NOTE: This is not the same as the self.name_scope.name which includes parent module names.

name_scope

Returns a tf.name_scope instance for this class.

output_size

state_size

submodules

Sequence of all sub-modules.

Submodules are modules which are properties of this module, or found as properties of modules which are properties of this module (and so on).

a = tf.Module()
b = tf.Module()
c = tf.Module()
a.b = b
b.c = c
assert list(a.submodules) == [b, c]
assert list(b.submodules) == [c]
assert list(c.submodules) == []

Returns:

A sequence of all submodules.

trainable_variables

Sequence of variables owned by this module and it's submodules.

Note: this method uses reflection to find variables on the current instance and submodules. For performance reasons you may wish to cache the result of calling this method if you don't expect the return value to change.

Returns:

A sequence of variables for the current module (sorted by attribute name) followed by variables from all submodules recursively (breadth first).

variables

Sequence of variables owned by this module and it's submodules.

Note: this method uses reflection to find variables on the current instance and submodules. For performance reasons you may wish to cache the result of calling this method if you don't expect the return value to change.

Returns:

A sequence of variables for the current module (sorted by attribute name) followed by variables from all submodules recursively (breadth first).

Methods

__call__(
    inputs,
    training,
    sequence_length=None,
    time_major=False
)

Runs the RNN layer.

Arguments:

  • inputs: Tensor, a rank 3 input tensor with shape [N,T,C] if time_major is False, or with shape [T,N,C] if time_major is True.
  • training: bool, True if running in training mode, False if running in inference mode.
  • sequence_length: (optional) Tensor, a rank 1 tensor with shape [N] and dtype of tf.int32 or tf.int64. This tensor specifies the unpadded length of each example in the input minibatch.
  • time_major: (optional) bool, specifies whether input has shape [N,T,C] (time_major=False) or shape [T,N,C] (time_major=True).

Returns:

A pair, (output, state) for unidirectional layers, or a pair ([output_fw, output_bw], [state_fw, state_bw]) for bidirectional layers.

build(shape)

Creates the variables of the layer.

Calling this method is optional for users of the RNN class.
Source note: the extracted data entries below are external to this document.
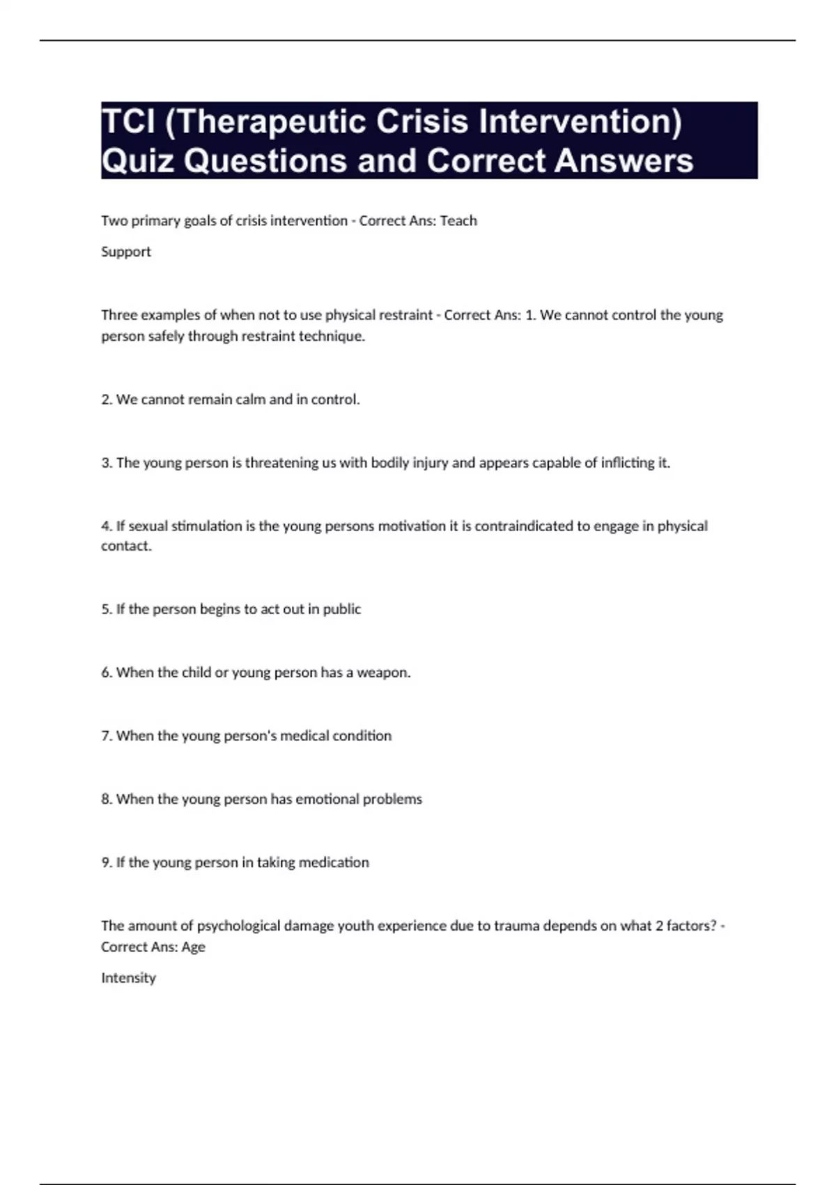 TCI (Therapeutic Crisis Intervention) Quiz Questions and Correct Answers
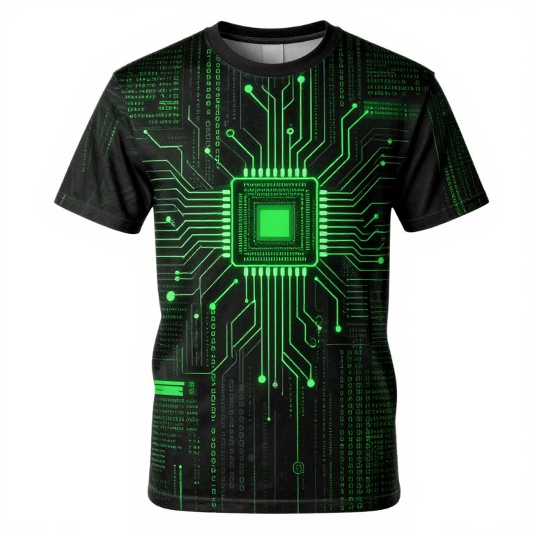 AI tshirt design presenting a detailed schematic of AI circuits and microchips intertwined with digital code patterns, rendered in sharp contrasts of green and black, evoking a hacker aesthetic that appeals to technology lovers and gamers.
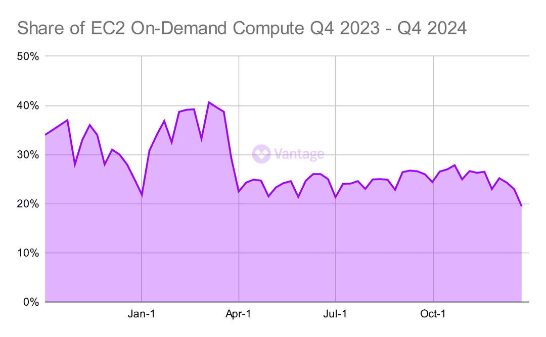 Fresh off the quarterly earnings for Microsoft, Google, and Amazon, we are releasing the Q4 2024 Cloud Cost Report, an analysis of cloud usage based on anonymized Vantage customer usage. Vantage is a cloud cost visibility and optimization platform, with a unique view into industry trends, thanks to tens of thousands of connected infrastructure accounts across 19 cloud providers. To discuss this report in more detail, join our growing Slack Community of over 1,000 engineering leaders, FinOps professionals, and CFOs. View past reports here.
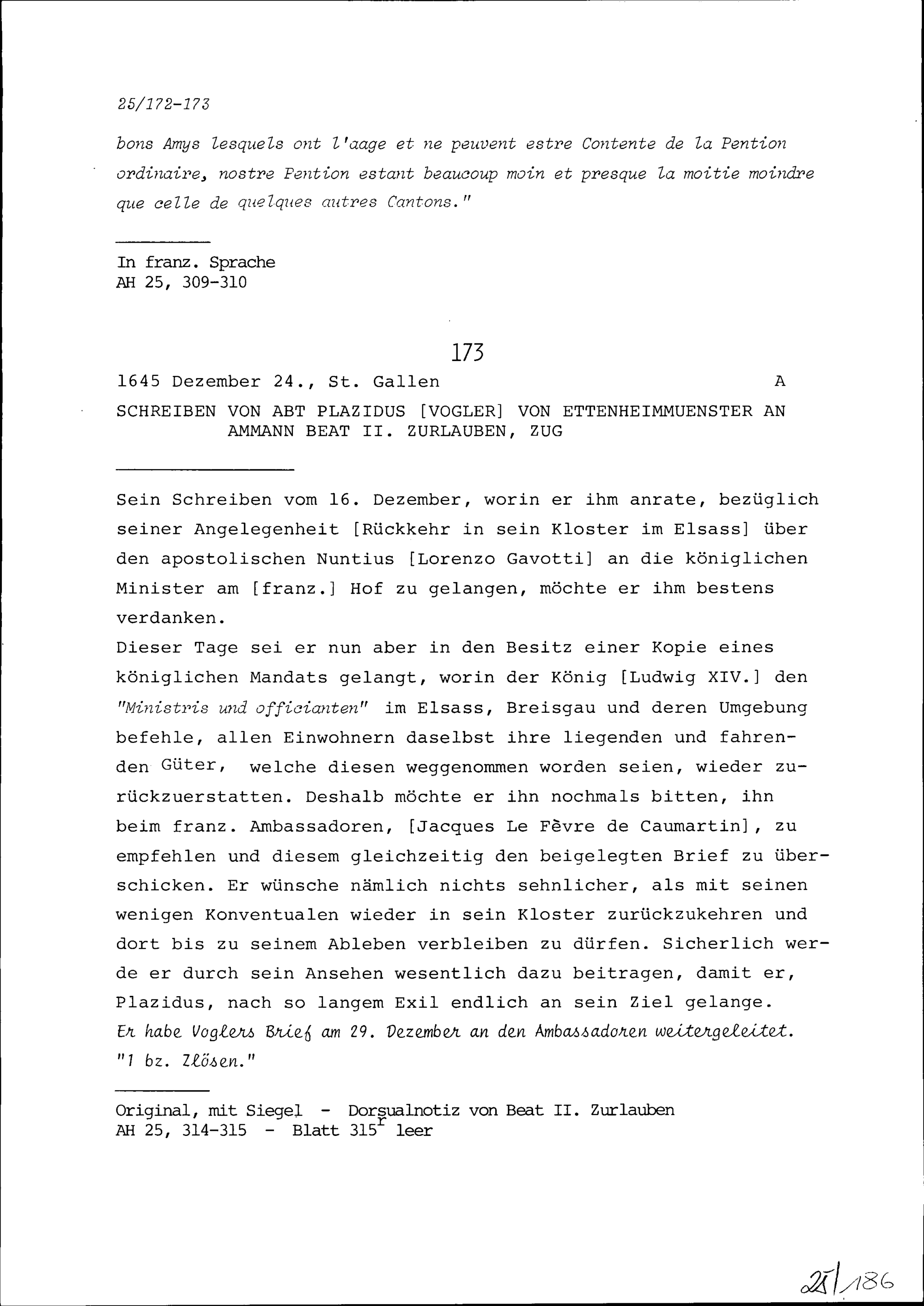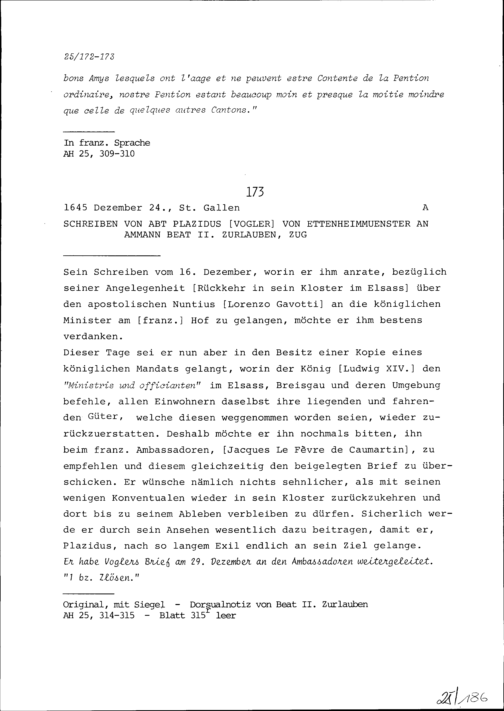 Notiz von Beat Jakob I. Zurlauben zuhanden von Robert-Vincent de Gravel, Ambassador...
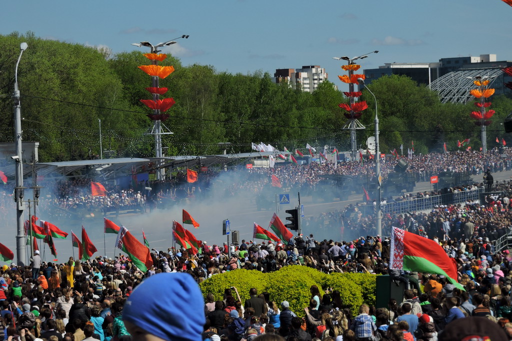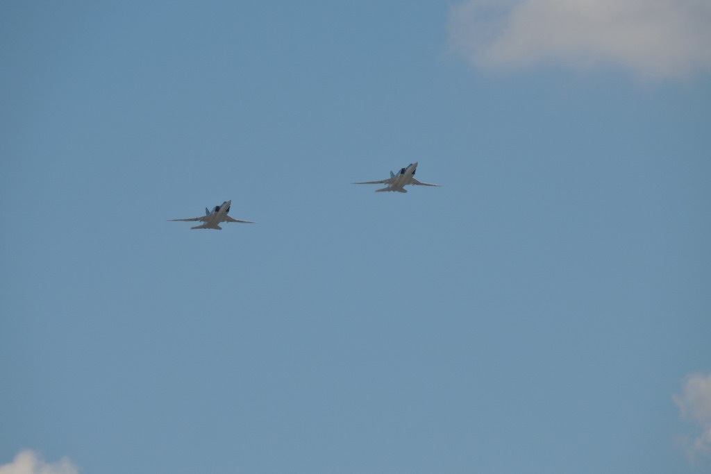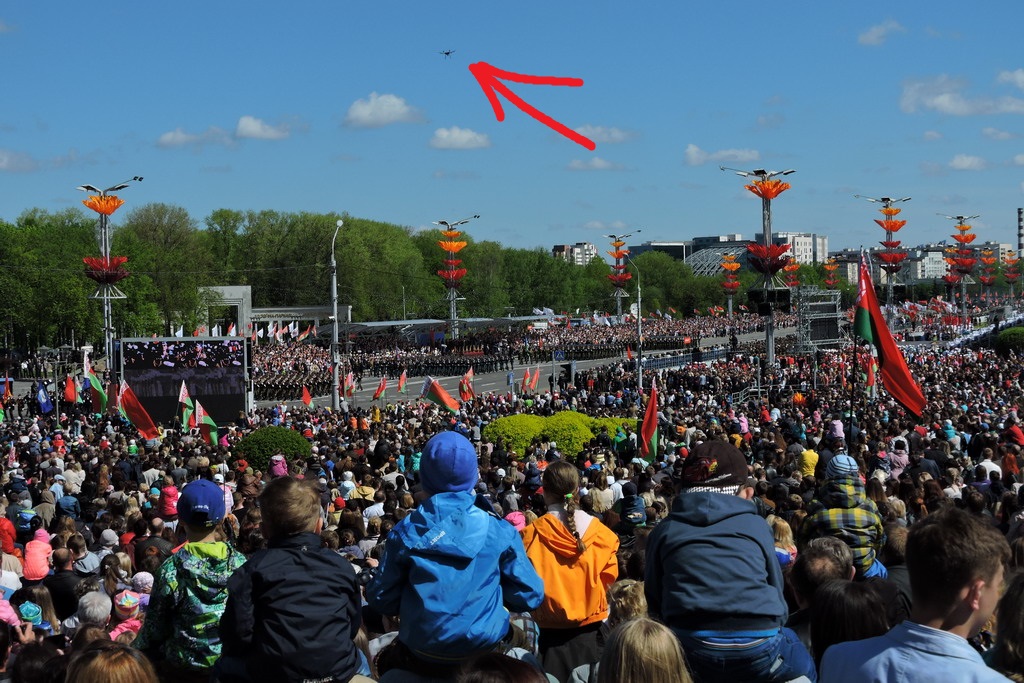 Ну и самая долгожданная и зрелищная часть - воздушный парад :co_ol: . Из того что я не видел - ЯК130 летели и Бомбардировщики ТУ 22 реактивные и ТУ 95 с пропеллерами :co_ol: когда еще в РБ такое увидиш.
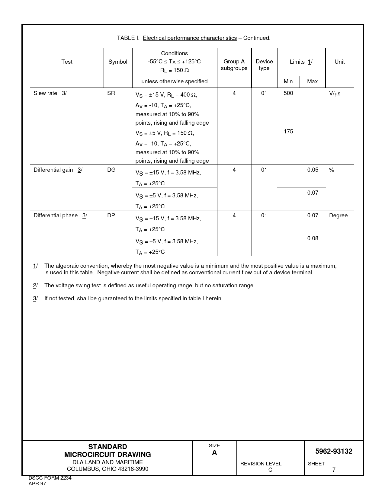 TABLE I. Electrical performance characteristics – Continued. Conditions Test Symbol -55°C ≤ TA ≤ +125°C Group A Device Limits 1/ Unit R subgroups type L = 150 Ω unless otherwise specified Min Max Slew rate 3/ SR V 4 01 500 V/µs S = ±15 V, RL = 400 Ω, AV = -10, TA = +25°C, measured at 10% to 90% points, rising and falling edge V 175 S = ±5 V, RL = 150 Ω, AV = -10, TA = +25°C, measured at 10% to 90% points, rising and falling edge Differential gain 3/ DG 4 01 0.05 % VS = ±15 V, f = 3.58 MHz, TA = +25°C 0.07 VS = ±5 V, f = 3.58 MHz, TA = +25°C Differential phase 3/ DP 4 01 0.07 Degree VS = ±15 V, f = 3.58 MHz, TA = +25°C 0.08 VS = ±5 V, f = 3.58 MHz, TA = +25°C 1/ The algebraic convention, whereby the most negative value is a minimum and the most positive value is a maximum, is used in this table. Negative current shall be defined as conventional current flow out of a device terminal. 2/ The voltage swing test is defined as useful operating range, but no saturation range. 3/ If not tested, shall be guaranteed to the limits specified in table I herein. STANDARD SIZE 5962-93132MICROCIRCUIT DRAWINGA DLA LAND AND MARITIME REVISION LEVEL SHEET COLUMBUS, OHIO 43218-3990 C 7 DSCC FORM 2234 APR 97 Document Outline DEPARTMENT OF DEFENSE SPECIFICATION DEPARTMENT OF DEFENSE STANDARDS

It is called internally with the correct shape when __call__ is invoked.

Arguments:

  • shape: instance of TensorShape.
@classmethod
with_name_scope(
    cls,
    method
)

Decorator to automatically enter the module name scope.

class MyModule(tf.Module):
  @tf.Module.with_name_scope
  def __call__(self, x):
    if not hasattr(self, 'w'):
      self.w = tf.Variable(tf.random.normal([x.shape[1], 64]))
    return tf.matmul(x, self.w)

Using the above module would produce tf.Variables and tf.Tensors whose names included the module name:

mod = MyModule()
mod(tf.ones([8, 32]))
# ==> <tf.Tensor: ...>
mod.w
# ==> <tf.Variable ...'my_module/w:0'>

Args:

  • method: The method to wrap.

Returns:

The original method wrapped such that it enters the module's name scope.